И тот с очаровательной улыбкой вновь наполнял ее бокал. У меня было предчувствие, что не стоит полагаться на ее хорошие манеры. Если так и будет продолжаться, Петронилла потребует всю бутылку, чтобы пить из горла, а официант любезно протянет ей бутылку, как ни в чем не бывало.

– Атмосфера накаляется, – вполголоса проговорила я. – Кажется, нам пора.

Но не тут-то было. Петронилла громко воскликнула:

– Вы считаете, что накаляется?! А по-моему, нет. Как раз то, что надо.

Все взгляды обратились к нам. Чувствуя, как полыхают щеки, я потащила свою подругу к выходу. Это оказалось непросто. Девушка упиралась изо всех сил, тянуть ее за руку было бесполезно. В конце я просто вынуждена была толкать ее, как комод.

– Но я попробовала еще не все сорта шампанского! – возмущалась она.

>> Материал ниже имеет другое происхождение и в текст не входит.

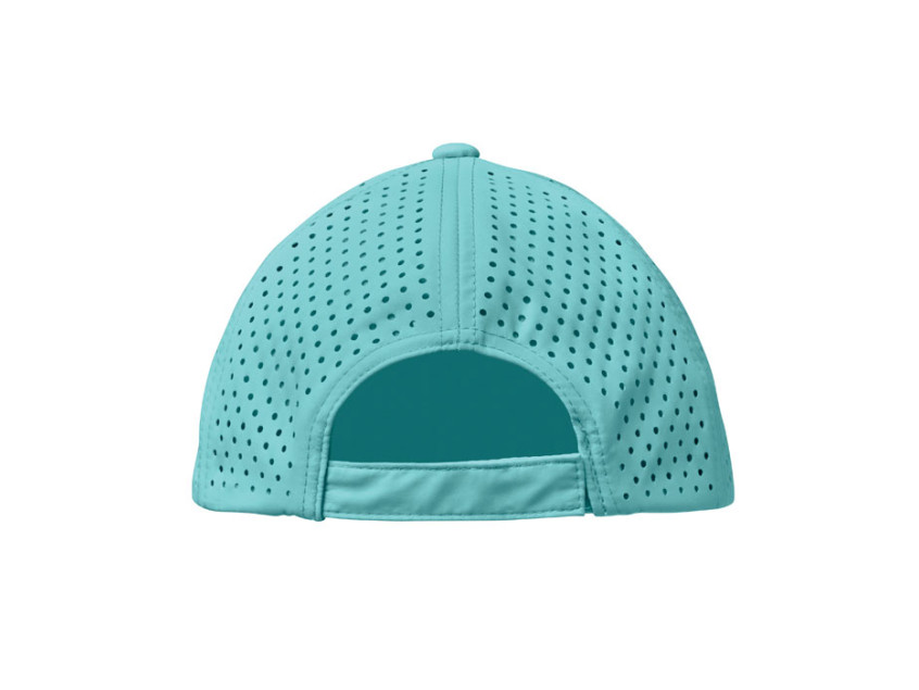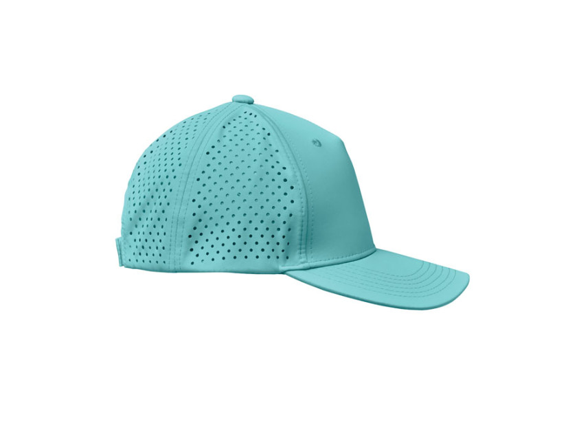 Бейсболка 5 клиньев из полиэстера с регулируемой застежкой и перфорацией. 2 люверса в цвет бейсболки. Быстро сохнущий материал с влагоотталкивающим эффектом. 130 гр/м²
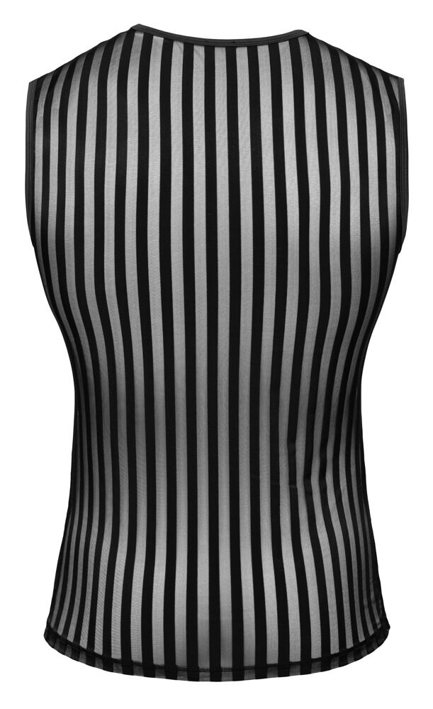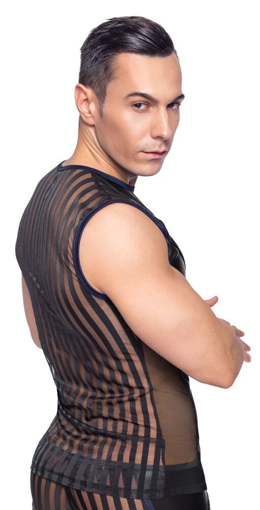 Ärmelloses schwarzes Shirt von finesse HOMME mit effektvollen blauen aufgesteppten Streifen in der Mattlook-Front und eingewebten Längsstreifen im transparenten Powernet-Rücken. Schön elastisch und anschmiegsam für hohen bequemen Tragekomfort.

Когда мы вышли от отеля «Ритц», прохладный воздух нас немного отрезвил. Я почувствовала облегчение. Петронилла вопила:

– Мне было так весело!

– А я люблю гулять пьяной по каким-нибудь красивым парижским кварталам!

– И это вы называете красивым кварталом? – взвыла она, с презрением оглядывая Вандомскую площадь.

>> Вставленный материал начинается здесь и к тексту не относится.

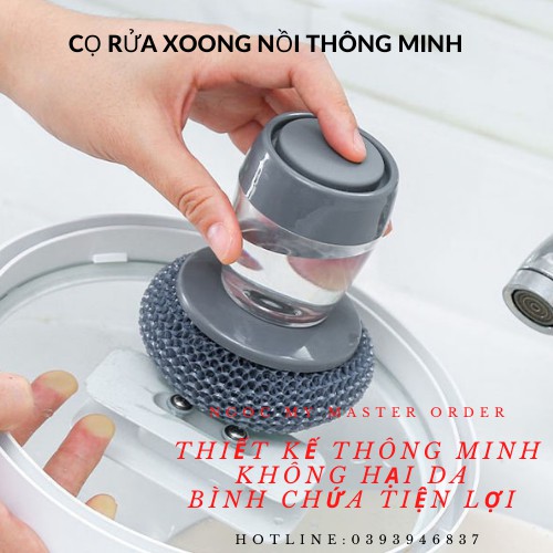 Dụng cụ cọ rửa đa năng, cọ xoong nồi, cọ bếp, cọ rửa bát đĩa có bình chứa tiện lợi
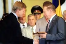 After Ukraine's Orange Revolution of late 2004, in an attempt to fight corruption, several prominent businessmen who were also Party of Regions members came under criminal investigation;[38] In 2011, Hennadiy Moskal, who in 2005 acted as Deputy Minister of Internal Affairs of Ukraine, gave an interview to Ukrainian magazine Профиль (profil-ua), where he claimed to have been under Presidential orders in 2005 to investigate and audit Akhmetov for his alleged role in organized crime. Concrete evidence was never officially revealed against him, nor his company. According to Moskal, the MVS investigated all incidents related to missing people in 1990s in Donetsk region, who had any property left, and its current owners, but no connections with Rinat Akhmetov and his entourage were found.[39] Looking back, Moskal concluded that "we had nothing on Akhmetov in 2005".[39] According to political journal's Post-Soviet Affairs, and The Nation, Akhmetov was investigated on murder charges and for his alleged role in organized crime in the Donetsk region. To avoid prosecution he was prompted to flee the country to Monaco.[39][40][41][42] In June 2005, Serhiy Kornich, then head of the Interior Ministry's economic crimes department, stated publicly that Akhmetov was "the head of [an] organized crime group."[43] That year, Borys Kolesnikov, a friend and associate who had been tied to Akhmetov since the 1980s, was arrested on charges of extortion and conspiracy to assassinate a rival Donetsk businessman.[40] Charges against Akhmetov and Kolesnikov were dropped in 2006 amid a significant rise in political power by the former,[40] and the cooperation of the Yuschenko government,[42] ending Akhmetov's exile.
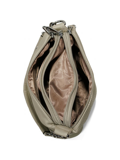 Сумочка среднего размера. Материал – эко кожа. Аксессуары – никелированные. Сумка закрывается на молнии. Одна средняя нерегулируемая ручка на цепочках. Высота ручки – 28 см. Широкая тканевая ручка. Ширина ручки – 4 см, длина ручки – 96 см. На лицевой стороне сумка украшена перфорацией. На задней стороне расположен горизонтальный прорезной карман на молнии. На дне сумки имеются четыре ножки. Внутри – тканевая подкладка, три автономных отделения, каждое из которых закрывается на молнию. В заднем отделении – горизонтальный прорезной карман на молнии с рамочкой из эко кожи, в переднем отделении – карманы для документов.

– Покажите мне тот Париж, который любите вы, – предложила я.

Эта идея пришлась ей по душе. Она подхватила меня под руку и потащила по направлению к Тюильри, затем к Лувру (указав на него со словами: «Вот это, по крайней мере, неплохо»). Мы перешли на другой берег по мосту Карусель («Вот Сена – ничего лучше не придумаешь», – заявила она) и бодро зашагали по набережным. Мы миновали площадь Сен-Мишель и оказались перед книжной лавкой, достойной романа Диккенса, на вывеске было написано: «Shakespeare & Company».

– Вот, – сказала она.

Я никогда раньше не слышала об этом волшебном месте. В полном восхищении я рассматривала магазин: через витрину можно было увидеть фолианты, похожие на колдовские книги, любителей чтения, которых ничто на свете не могло оторвать от их занятия, и молоденькую белокурую продавщицу с фарфоровой кожей, хорошенькую и изящную, как сказочная фея.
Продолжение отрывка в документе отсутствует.